WHAT YOU SHOULD DO –
Write out the entries below exactly, but only from the line containing "Свабода - самая" through the line containing "Registration: Year: 1926 number: 47524", and without the pictures.

PROVIDED DATA –
══════
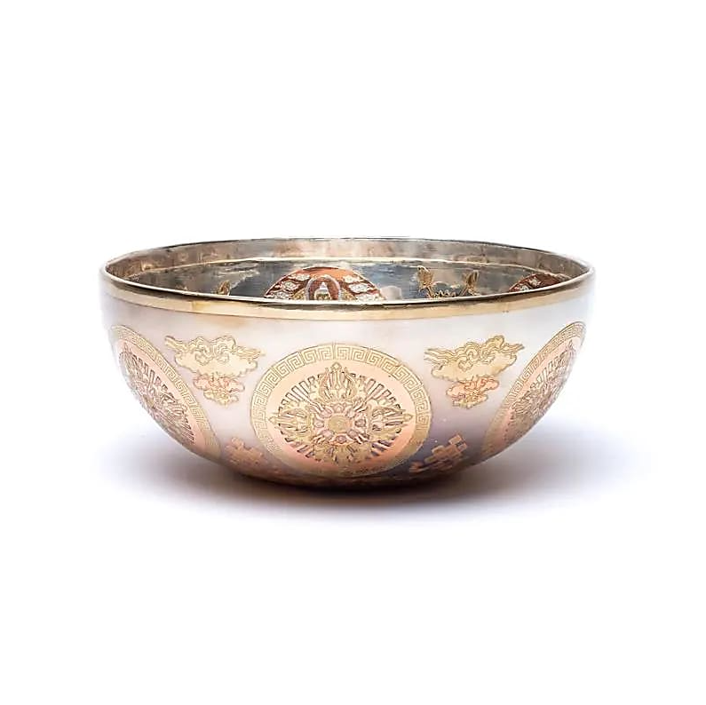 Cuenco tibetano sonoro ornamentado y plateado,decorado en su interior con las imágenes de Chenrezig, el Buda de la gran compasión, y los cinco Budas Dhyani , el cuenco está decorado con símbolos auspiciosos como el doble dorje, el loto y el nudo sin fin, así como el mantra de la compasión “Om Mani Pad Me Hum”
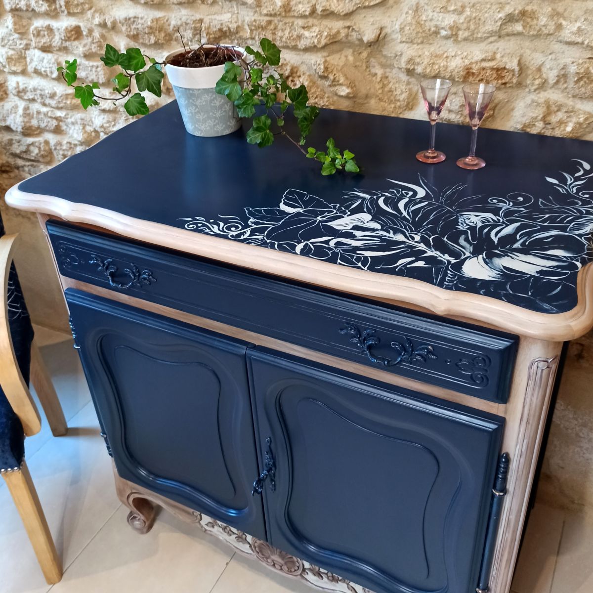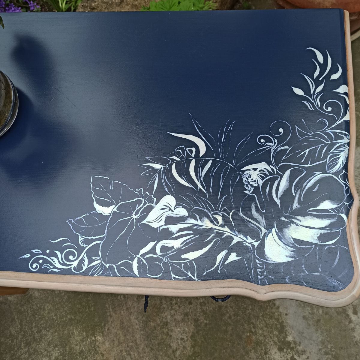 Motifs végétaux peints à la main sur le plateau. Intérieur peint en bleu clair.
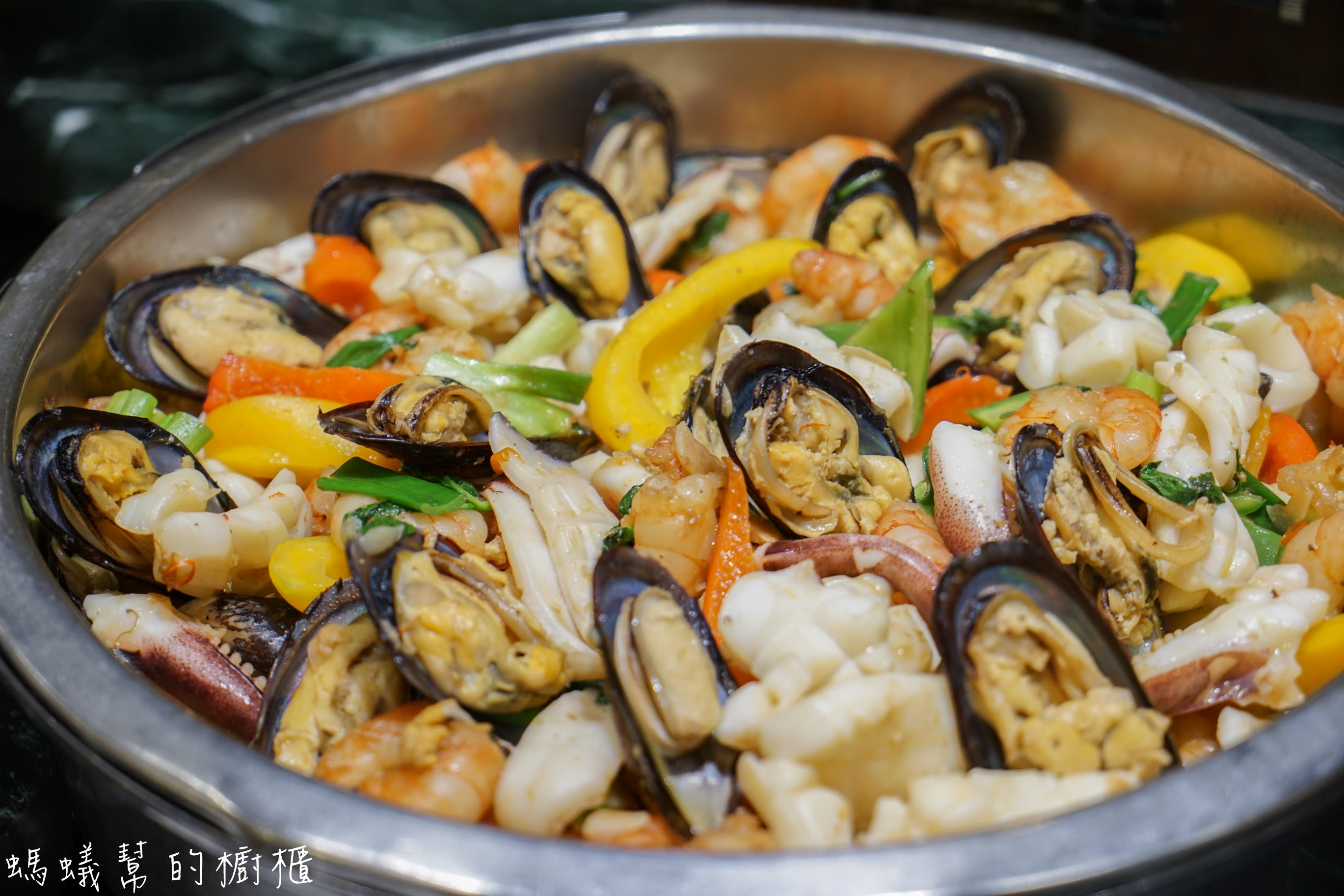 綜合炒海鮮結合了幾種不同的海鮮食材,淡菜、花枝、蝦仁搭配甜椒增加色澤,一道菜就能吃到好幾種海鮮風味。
══════
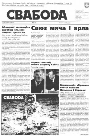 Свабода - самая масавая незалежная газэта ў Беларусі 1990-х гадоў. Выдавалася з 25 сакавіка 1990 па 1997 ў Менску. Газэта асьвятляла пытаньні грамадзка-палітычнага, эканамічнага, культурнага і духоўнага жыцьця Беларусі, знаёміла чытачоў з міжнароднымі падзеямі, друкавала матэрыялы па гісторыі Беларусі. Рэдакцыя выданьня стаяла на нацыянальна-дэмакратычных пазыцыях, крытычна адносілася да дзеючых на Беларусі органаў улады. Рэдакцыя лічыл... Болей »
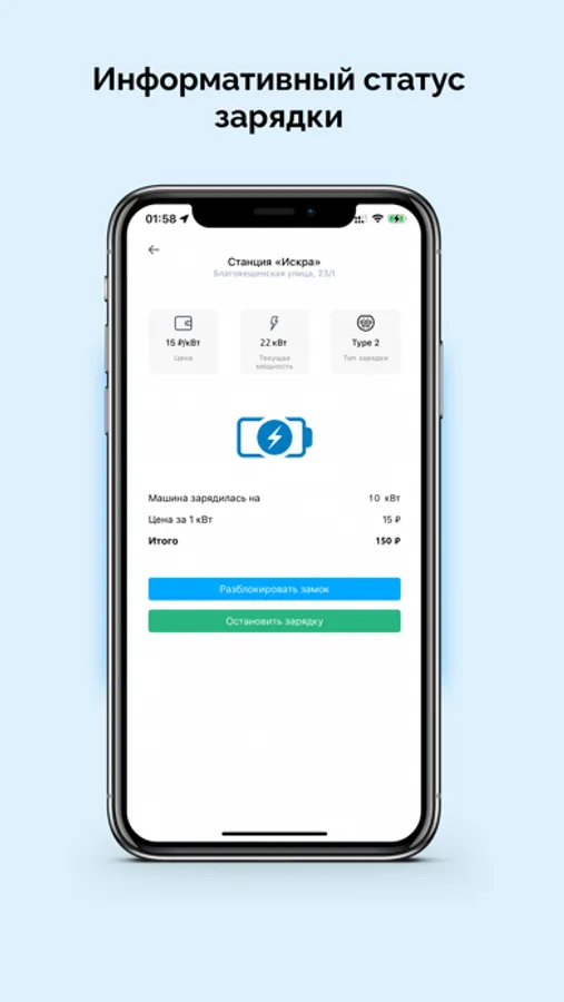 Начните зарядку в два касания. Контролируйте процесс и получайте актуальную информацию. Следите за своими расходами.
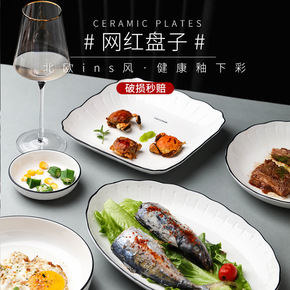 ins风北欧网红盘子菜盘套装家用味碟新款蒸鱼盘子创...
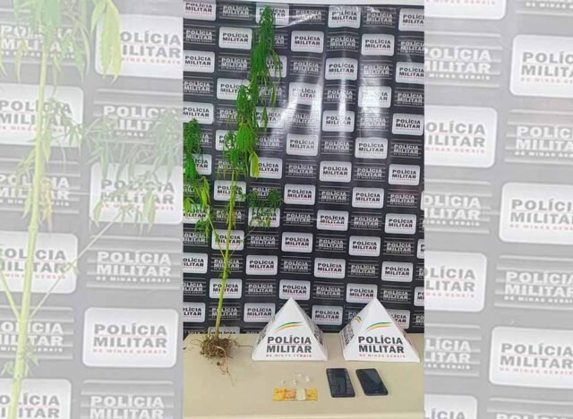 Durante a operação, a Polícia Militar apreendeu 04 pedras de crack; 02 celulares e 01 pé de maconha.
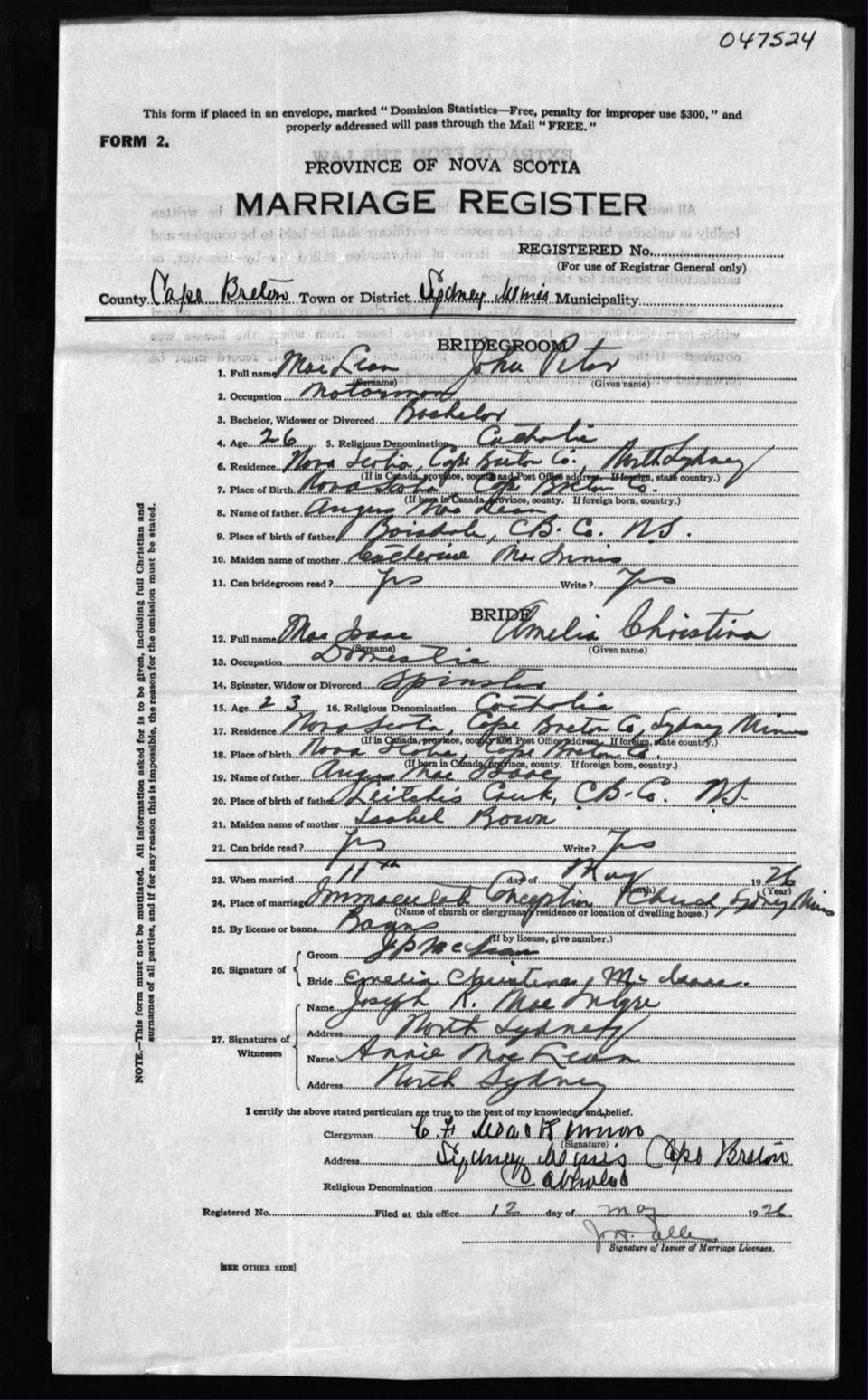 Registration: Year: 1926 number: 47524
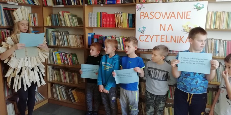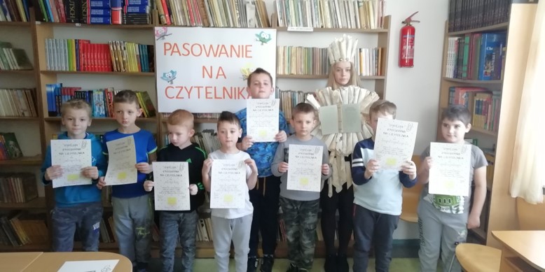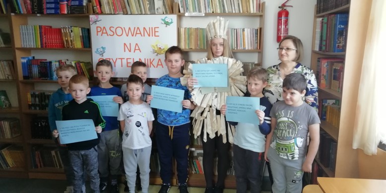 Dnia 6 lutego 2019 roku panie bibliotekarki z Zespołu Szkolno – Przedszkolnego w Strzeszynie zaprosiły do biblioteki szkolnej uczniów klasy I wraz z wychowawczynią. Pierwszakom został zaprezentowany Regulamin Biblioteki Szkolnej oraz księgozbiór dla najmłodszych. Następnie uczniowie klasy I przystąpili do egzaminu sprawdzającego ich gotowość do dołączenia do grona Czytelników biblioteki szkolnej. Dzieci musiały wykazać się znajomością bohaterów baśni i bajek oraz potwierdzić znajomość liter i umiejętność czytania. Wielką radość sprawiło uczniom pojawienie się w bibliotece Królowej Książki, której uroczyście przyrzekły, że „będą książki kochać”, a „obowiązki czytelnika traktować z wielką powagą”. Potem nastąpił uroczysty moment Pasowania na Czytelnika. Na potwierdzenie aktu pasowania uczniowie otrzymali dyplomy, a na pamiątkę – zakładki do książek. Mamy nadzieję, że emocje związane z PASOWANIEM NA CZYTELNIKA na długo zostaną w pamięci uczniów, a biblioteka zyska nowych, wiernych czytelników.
══════
WRITTEN SOLUTION –
 Свабода - самая масавая незалежная газэта ў Беларусі 1990-х гадоў. Выдавалася з 25 сакавіка 1990 па 1997 ў Менску. Газэта асьвятляла пытаньні грамадзка-палітычнага, эканамічнага, культурнага і духоўнага жыцьця Беларусі, знаёміла чытачоў з міжнароднымі падзеямі, друкавала матэрыялы па гісторыі Беларусі. Рэдакцыя выданьня стаяла на нацыянальна-дэмакратычных пазыцыях, крытычна адносілася да дзеючых на Беларусі органаў улады. Рэдакцыя лічыл... Болей »
 Начните зарядку в два касания. Контролируйте процесс и получайте актуальную информацию. Следите за своими расходами.
 ins风北欧网红盘子菜盘套装家用味碟新款蒸鱼盘子创...
 Durante a operação, a Polícia Militar apreendeu 04 pedras de crack; 02 celulares e 01 pé de maconha.
 Registration: Year: 1926 number: 47524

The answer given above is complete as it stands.